Седовласый вздохнул, Люсенька обожгла меня злобным взглядом, и после этого мы, наконец-то, остались одни. Я осторожно глянула на Дашку. Та сидела в уголочке и лихорадочно блестела любопытными глазами, слегка пританцовывая на месте от желания срочно мне о чём-то поведать, а Иан был мрачнее тучи. Хмурился, крутил бокал на тонкой ножке и был так далеко в своих мыслях, что, казалось бы, совсем забыл о нашем присутствии.
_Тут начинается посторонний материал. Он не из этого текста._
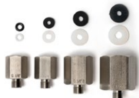
Raccordi di pressione Bx G1/8" maschio (per tubi flessibili da 40 bar), Bx 1215 maschio (per tubi flessibili da 630 bar), set di raccordi di pressione e raccordi per tubi flessibili.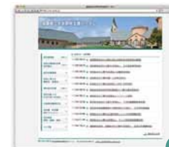
CL 滋賀県立大学地域づくり教育研究センター 様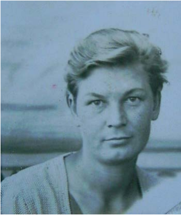
Фото 1. Є.Ф. Богданова. ДАМО. – Ф. Р-5859. – Оп. 1. – Спр. 1918. – Арк. 4 зв.

з виробництва [15, 16 зв.]. Про їхню долю можна лише здогадуватись.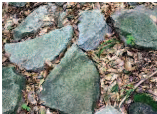
Fig. 8. Kamieniołom starożytny na zboczu Ślęzy i leżące w pobliżu fragmenty rozbitych kamieni żarnowych • Abandoned quarry on the Ślęża Hill slope. Note fragments of the broken mill-stones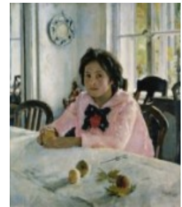
Девочка с персиками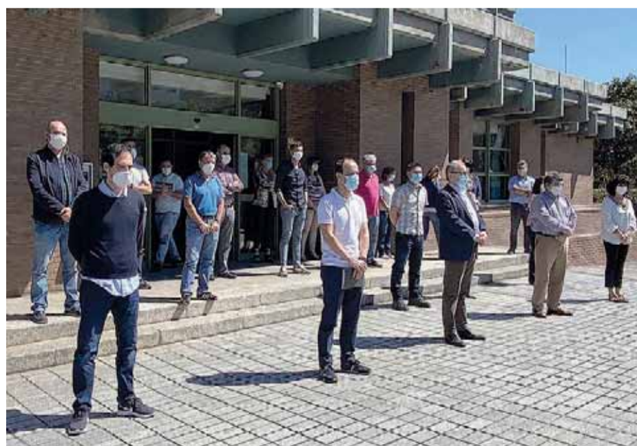
El rector de la UC y parte de su equipo guardaron un minuto de silencio ante el Pabellón de Gobierno.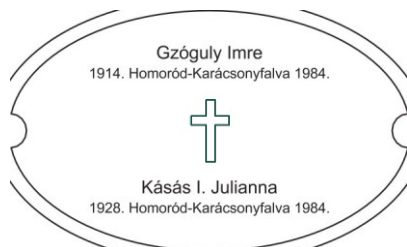
Erdélyi Halottak Emlékhelye MINTA 3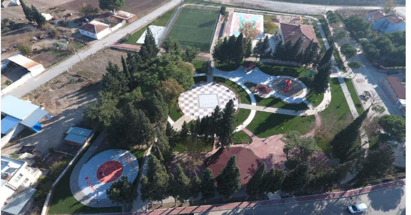
Nuriye Mahallesi Rekreasyon Alanı Çalışmalarının Tamamlanmasının Ardından Görünümü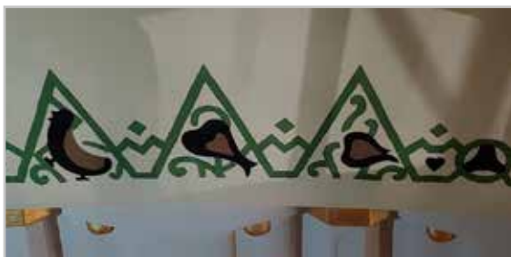
Minden egyes mintát átfestettek

– Számomra a legfontosabb élettér Isten lelki családjának az otthona, a templom. Isten háza. Ennek teljeskörű megújulása valóban kimondhatatlan örömet, és megrendülést jelent számomra. Eddig is hódolatra indított gyönyörű templomunknak a valósága, de most megrendülten hajtok fejet és térdet Isten csodálatos nagysága előtt, aki lehetővé tette, hogy ez a templomter a megépülése után talán a legszebben tündököljön. Ennél már csak az a még csodálatosabb a számomra, Isten hatalmas arra is, hogy megújuljunk mi magunk is,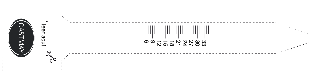
TABLA DE MEDIDAS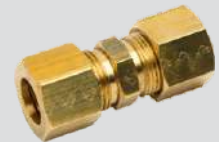
União Emenda Compressão Completa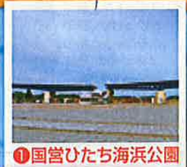
①国営ひたち海浜公園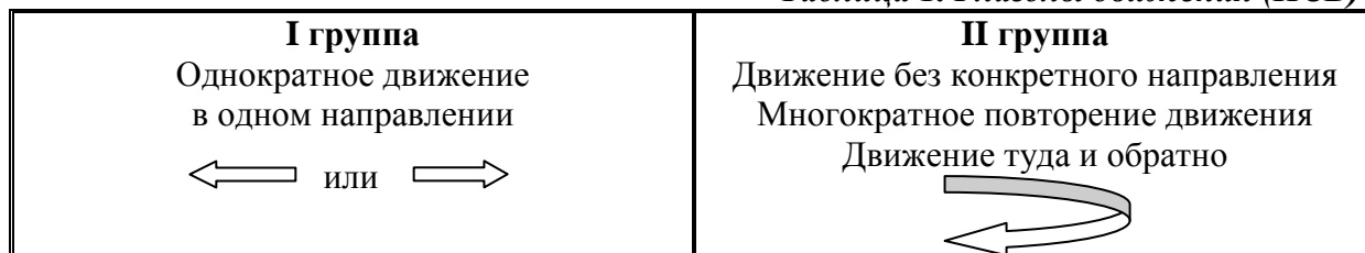
Таблица 1. Глаголы движения (НСВ)

бежать – бегать, лететь – летать, плыть – плавать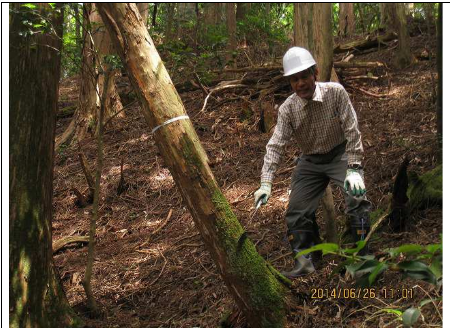
作業-1 作業前 近景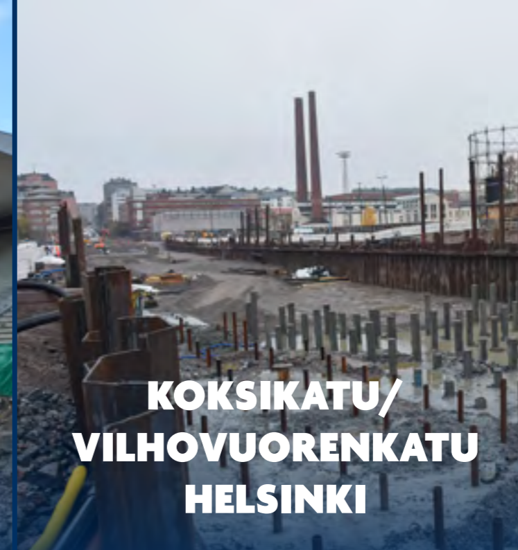
KOKSIKATU/ VILHOVUORENKATU HELSINKI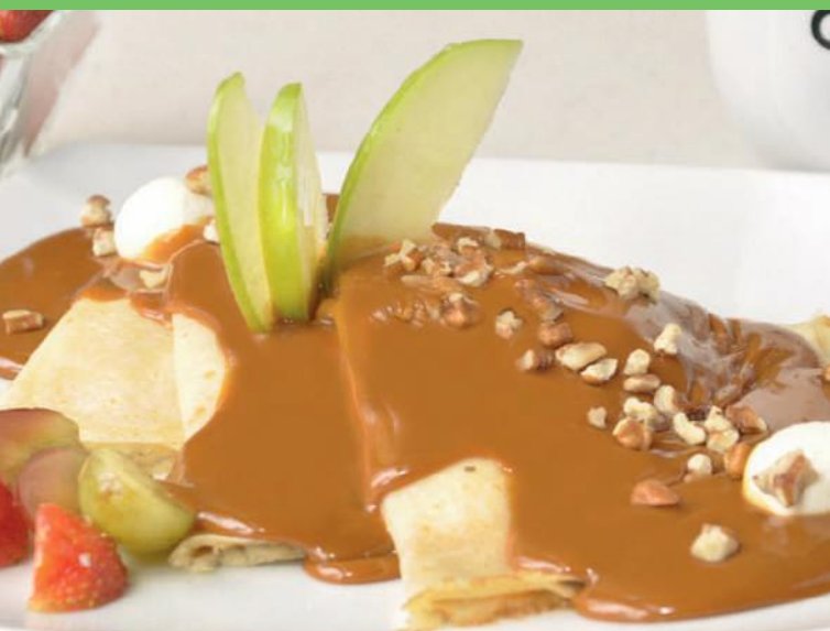
Crepas Dulce de Leche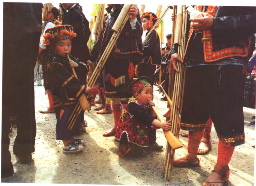
穿草鞋的爸爸与穿胶鞋的儿子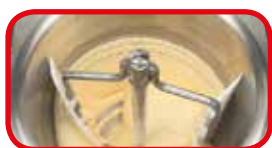
Primera fase de la transformación con azúcar, harina/almidón

*dispositivo especial de aplicación patentado que permite variar la velocidad de agitación del mezclador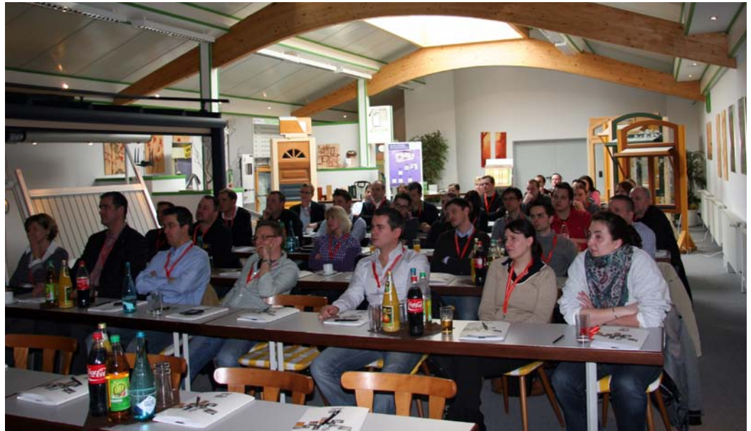
Volles Haus bei Lucas: Zeit für Wissensvermittlung, Netzwerken und Spaß

Am Abend stand eine Besichtigung des Berentzen Hofes auf dem Programm. Nach einem Rundgang durch das Brennereimuseum konnten sich

Пользуясь его задумчивостью, я попыталась отодвинуться подальше, но ар тотчас же очнулся, встрепенулся, как после лёгкого сна, и, виновато улыбнувшись, произнёс:
— Извините, девчата. Надеюсь, мои родственники не успели испортить вам настрoение?
— Ничто не может испортить мне настроение, когда мой желудок полон и пьян, — хохотнула Дания.
Иан заглянул мне в глаза, вынуждая произнести:
— Всё в порядке.
В какой-то степени я была даже благодарна этим родственникам за внезапный визит. Неизвестно, до чего бы мы с Ианом дошли, если бы не они…
— Тогда рад вам сообщить, что далее в программе вечера нас ждут танцы!..
В общеитие мы вернулись такой поздней ночью, что это, скорее, уже было раннее утро. Дания ускользнула в кoмнату, а меня Иан удержал.
— Постой минутку, — попросил он, а когда за соседкой закрылась дверь, обнял. Я же, чувствуя, как громко грохочет в груди моё перепуганное сердце, ему это позволила.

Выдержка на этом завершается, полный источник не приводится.